**Your task**.
Output the data below exactly as it is, dropping the pictures from your copy.

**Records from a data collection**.
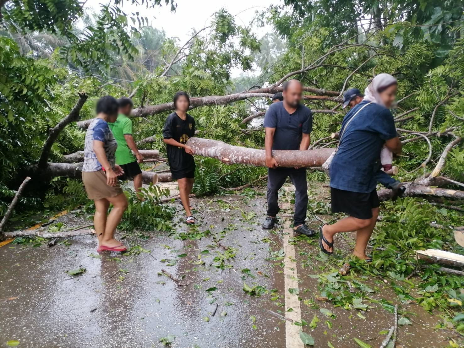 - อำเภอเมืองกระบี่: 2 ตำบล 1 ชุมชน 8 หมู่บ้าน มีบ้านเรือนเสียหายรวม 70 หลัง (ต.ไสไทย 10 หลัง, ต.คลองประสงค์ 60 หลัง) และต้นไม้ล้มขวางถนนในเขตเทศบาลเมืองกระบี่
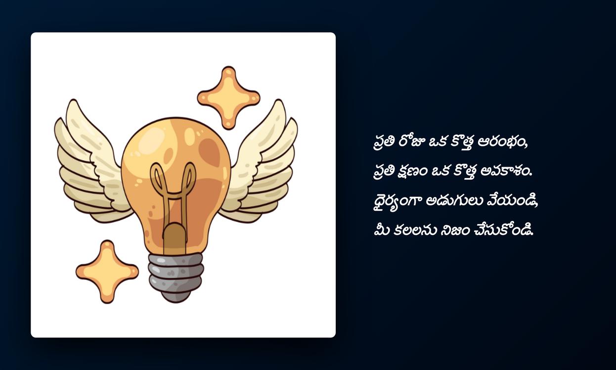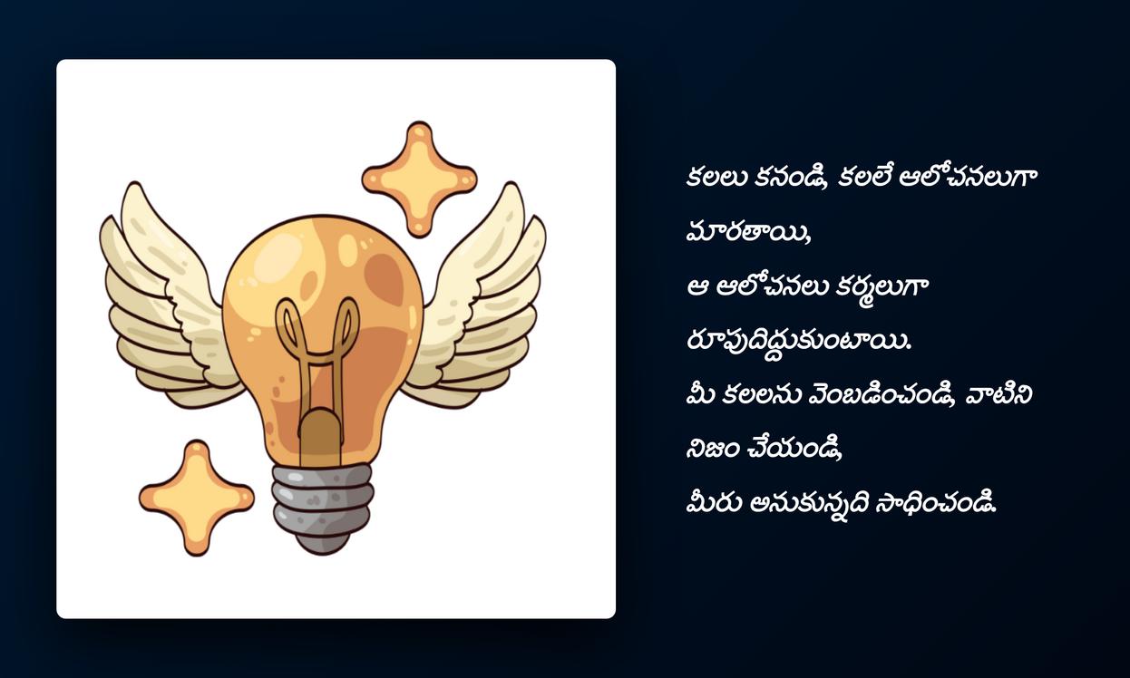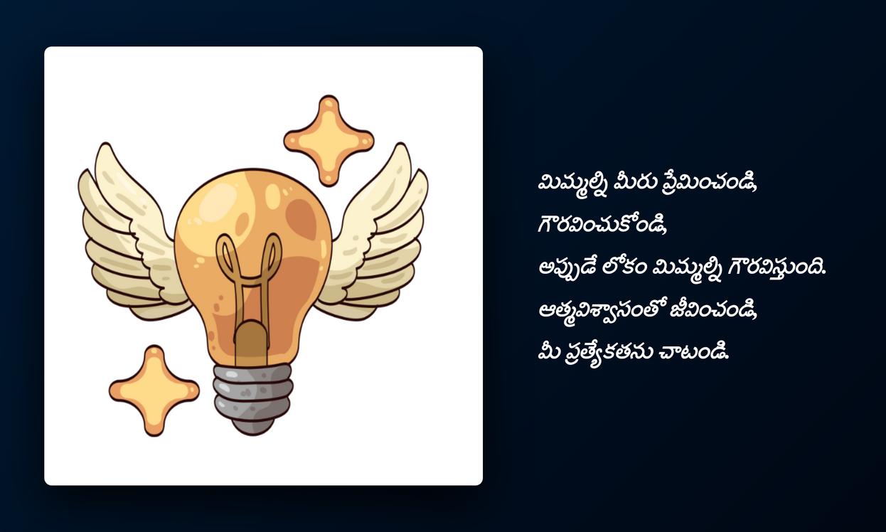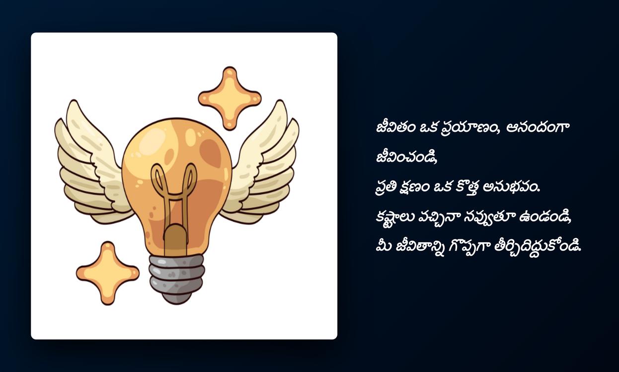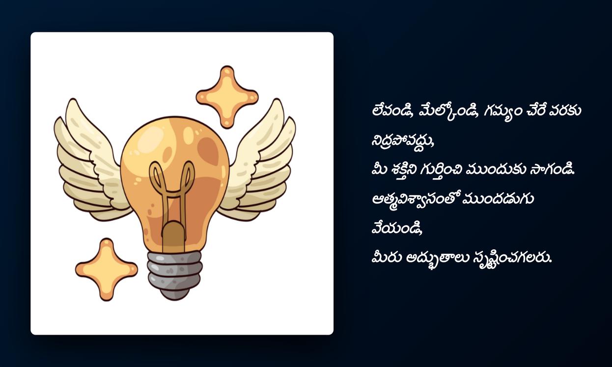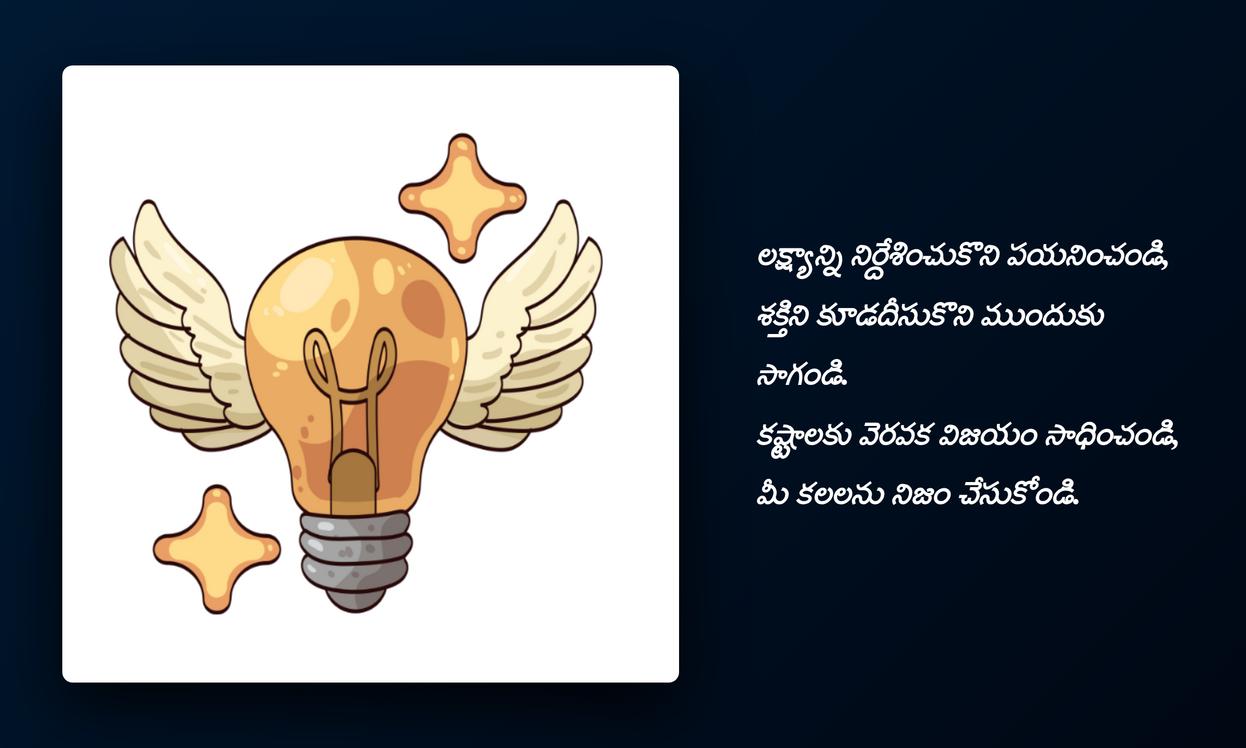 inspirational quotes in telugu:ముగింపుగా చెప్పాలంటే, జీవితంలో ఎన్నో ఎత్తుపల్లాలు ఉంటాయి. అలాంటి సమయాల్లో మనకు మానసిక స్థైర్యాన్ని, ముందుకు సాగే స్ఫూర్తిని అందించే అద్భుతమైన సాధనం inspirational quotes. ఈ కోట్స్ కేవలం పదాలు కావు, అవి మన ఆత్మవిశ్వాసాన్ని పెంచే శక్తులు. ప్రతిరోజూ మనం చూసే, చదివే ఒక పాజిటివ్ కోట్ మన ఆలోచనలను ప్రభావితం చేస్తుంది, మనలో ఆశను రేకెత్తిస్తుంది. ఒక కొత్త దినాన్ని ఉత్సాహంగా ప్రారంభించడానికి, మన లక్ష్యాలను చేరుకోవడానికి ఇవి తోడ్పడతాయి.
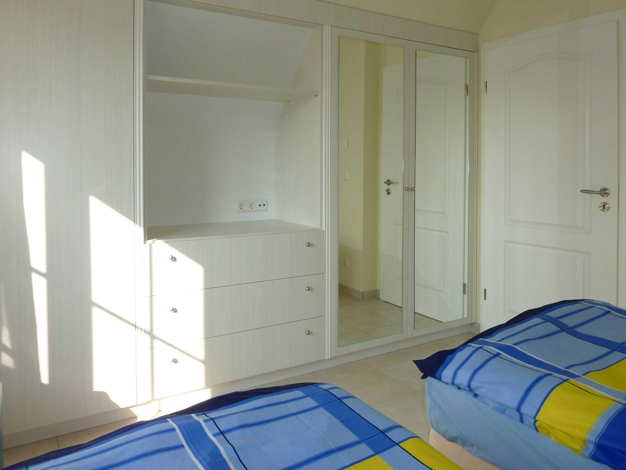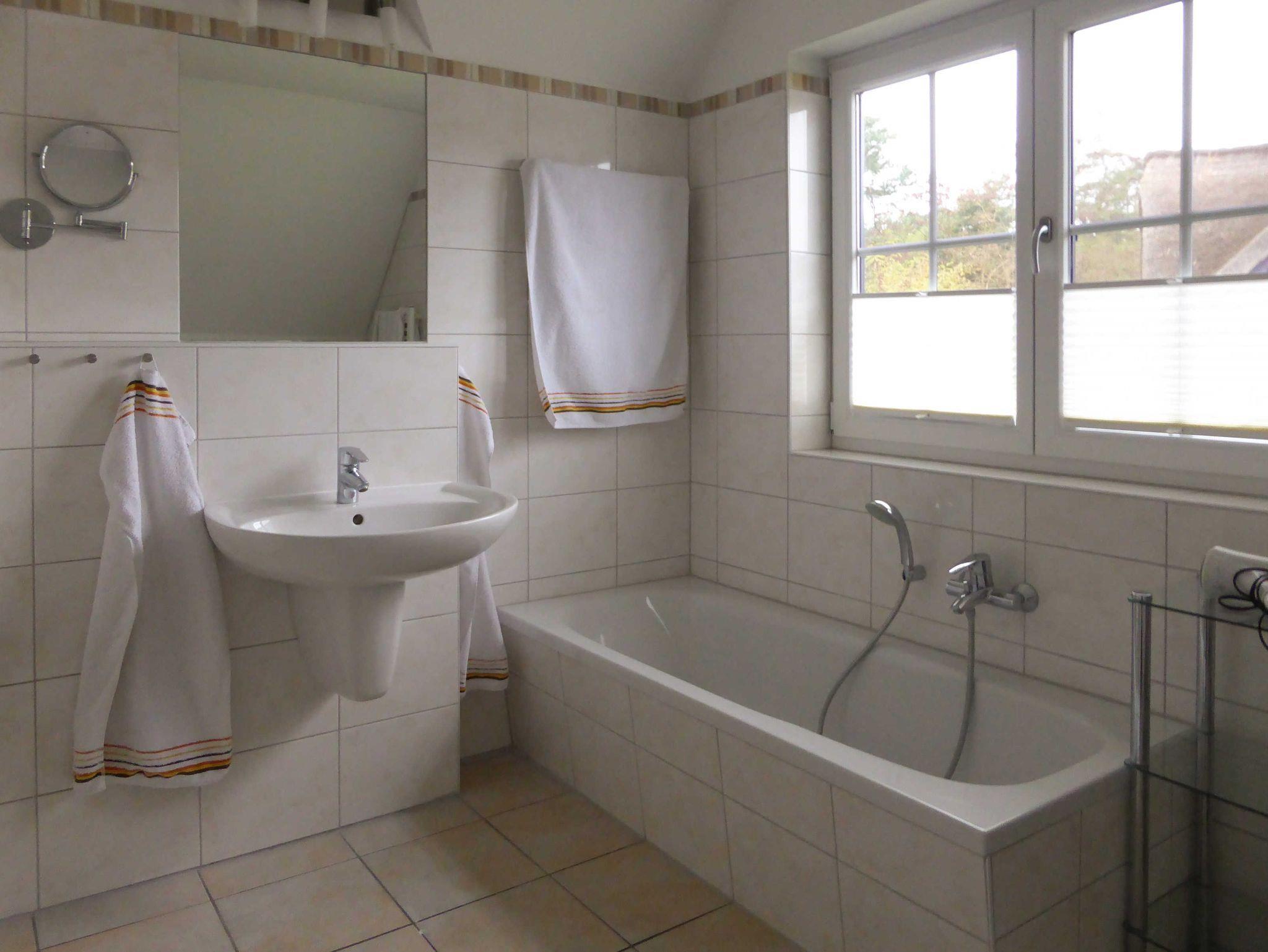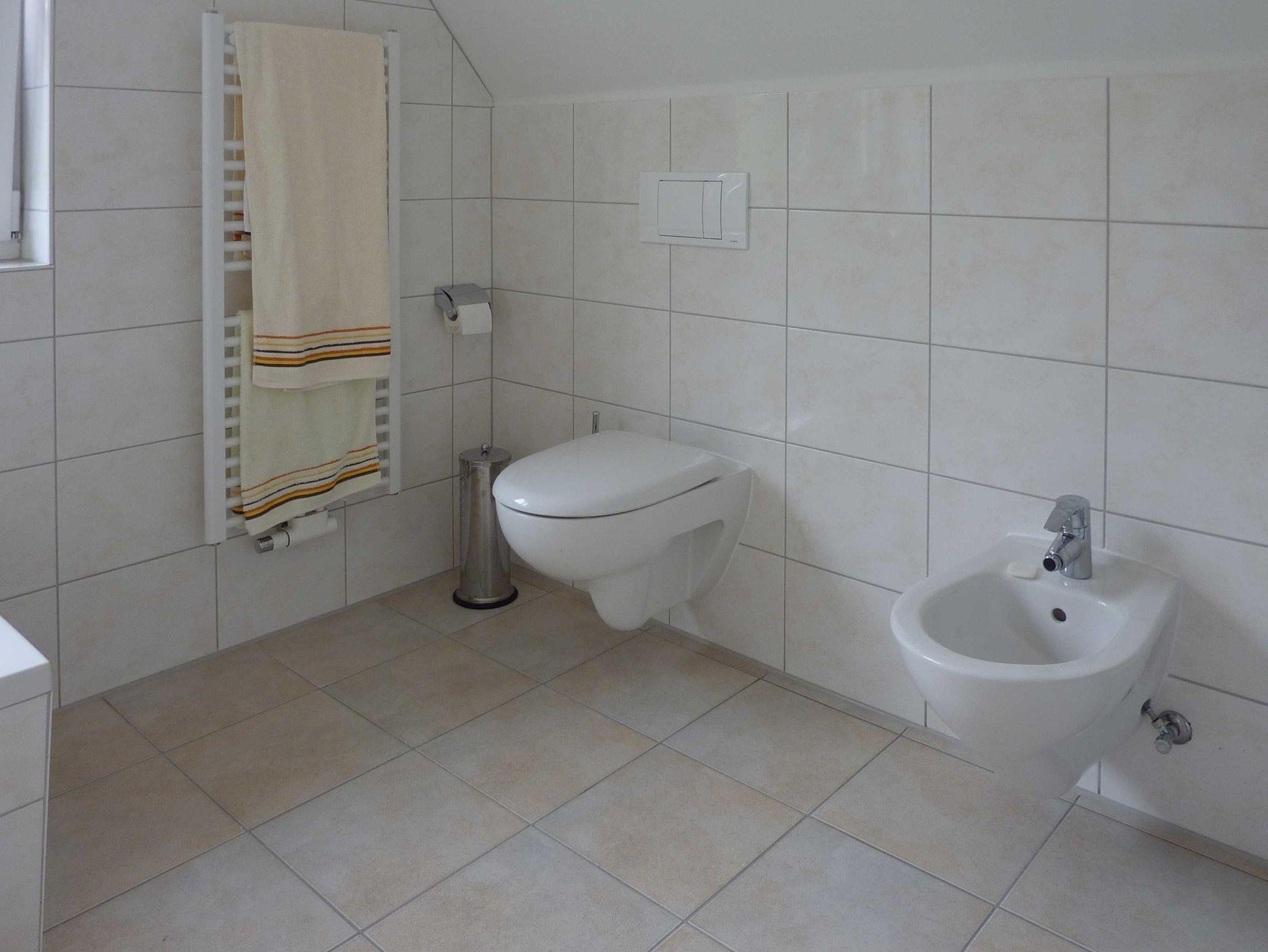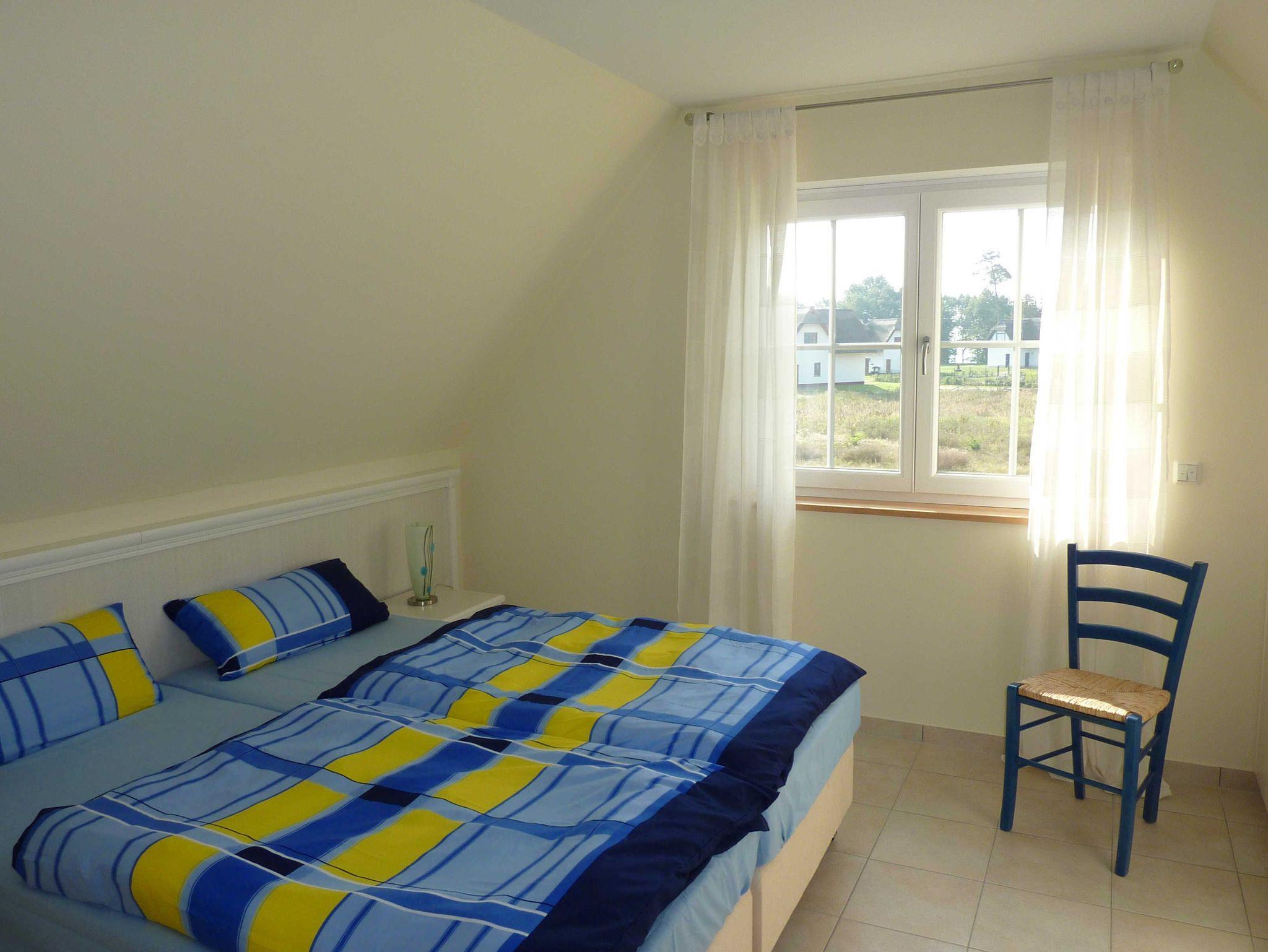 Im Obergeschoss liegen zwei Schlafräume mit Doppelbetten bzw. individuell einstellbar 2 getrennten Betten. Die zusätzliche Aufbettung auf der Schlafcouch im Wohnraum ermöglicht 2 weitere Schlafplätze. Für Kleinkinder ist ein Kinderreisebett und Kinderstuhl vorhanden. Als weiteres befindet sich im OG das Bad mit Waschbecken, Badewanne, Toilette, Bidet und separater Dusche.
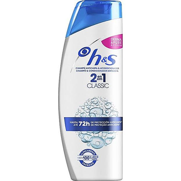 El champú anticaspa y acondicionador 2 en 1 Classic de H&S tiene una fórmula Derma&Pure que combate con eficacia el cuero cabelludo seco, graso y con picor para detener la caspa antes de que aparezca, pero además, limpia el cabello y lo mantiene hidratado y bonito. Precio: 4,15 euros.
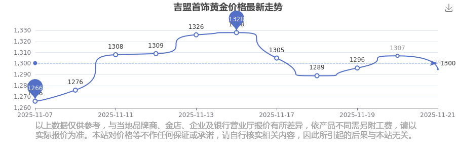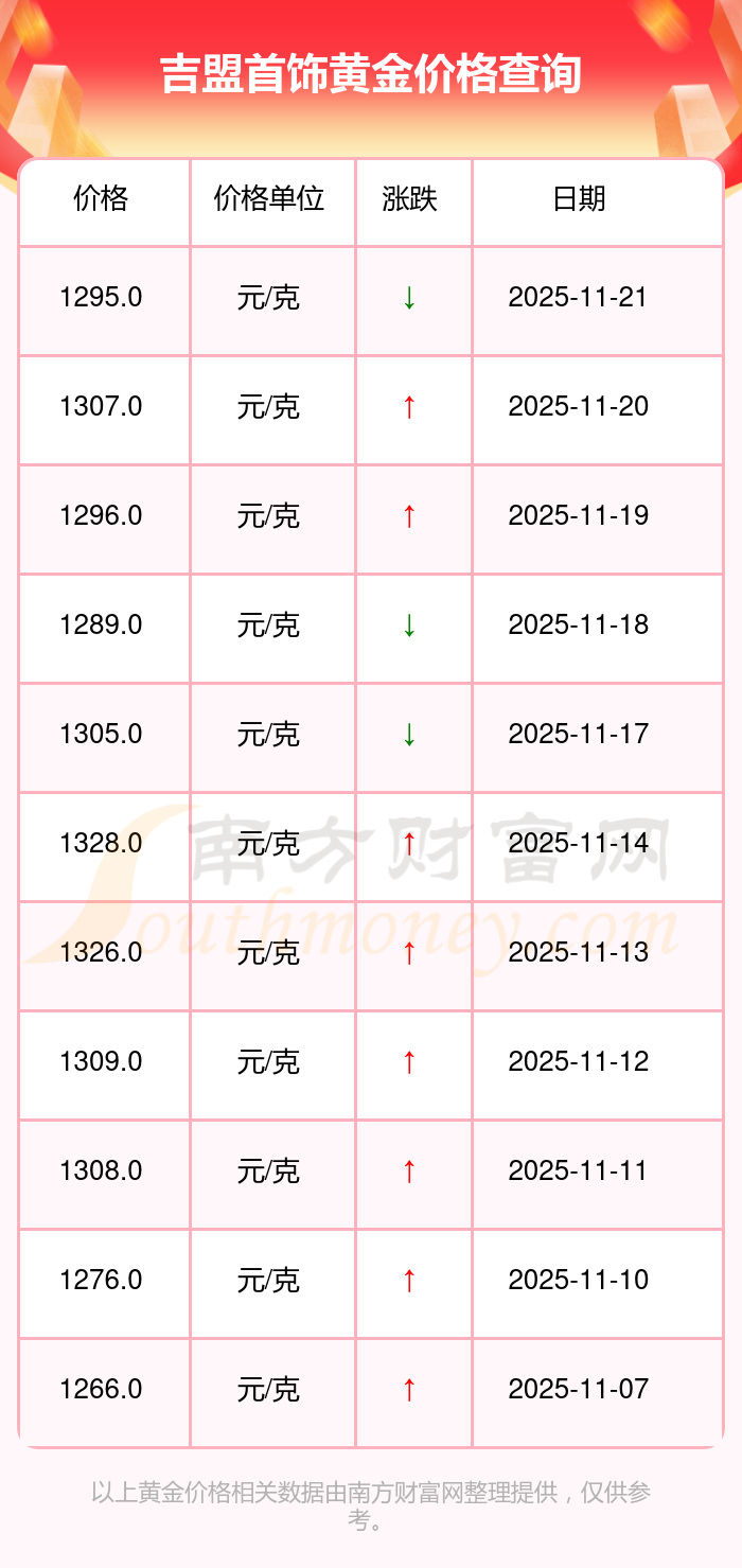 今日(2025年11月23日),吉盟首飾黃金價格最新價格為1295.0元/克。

**Solution**.
 - อำเภอเมืองกระบี่: 2 ตำบล 1 ชุมชน 8 หมู่บ้าน มีบ้านเรือนเสียหายรวม 70 หลัง (ต.ไสไทย 10 หลัง, ต.คลองประสงค์ 60 หลัง) และต้นไม้ล้มขวางถนนในเขตเทศบาลเมืองกระบี่
 inspirational quotes in telugu:ముగింపుగా చెప్పాలంటే, జీవితంలో ఎన్నో ఎత్తుపల్లాలు ఉంటాయి. అలాంటి సమయాల్లో మనకు మానసిక స్థైర్యాన్ని, ముందుకు సాగే స్ఫూర్తిని అందించే అద్భుతమైన సాధనం inspirational quotes. ఈ కోట్స్ కేవలం పదాలు కావు, అవి మన ఆత్మవిశ్వాసాన్ని పెంచే శక్తులు. ప్రతిరోజూ మనం చూసే, చదివే ఒక పాజిటివ్ కోట్ మన ఆలోచనలను ప్రభావితం చేస్తుంది, మనలో ఆశను రేకెత్తిస్తుంది. ఒక కొత్త దినాన్ని ఉత్సాహంగా ప్రారంభించడానికి, మన లక్ష్యాలను చేరుకోవడానికి ఇవి తోడ్పడతాయి.
 Im Obergeschoss liegen zwei Schlafräume mit Doppelbetten bzw. individuell einstellbar 2 getrennten Betten. Die zusätzliche Aufbettung auf der Schlafcouch im Wohnraum ermöglicht 2 weitere Schlafplätze. Für Kleinkinder ist ein Kinderreisebett und Kinderstuhl vorhanden. Als weiteres befindet sich im OG das Bad mit Waschbecken, Badewanne, Toilette, Bidet und separater Dusche.
 El champú anticaspa y acondicionador 2 en 1 Classic de H&S tiene una fórmula Derma&Pure que combate con eficacia el cuero cabelludo seco, graso y con picor para detener la caspa antes de que aparezca, pero además, limpia el cabello y lo mantiene hidratado y bonito. Precio: 4,15 euros.
 今日(2025年11月23日),吉盟首飾黃金價格最新價格為1295.0元/克。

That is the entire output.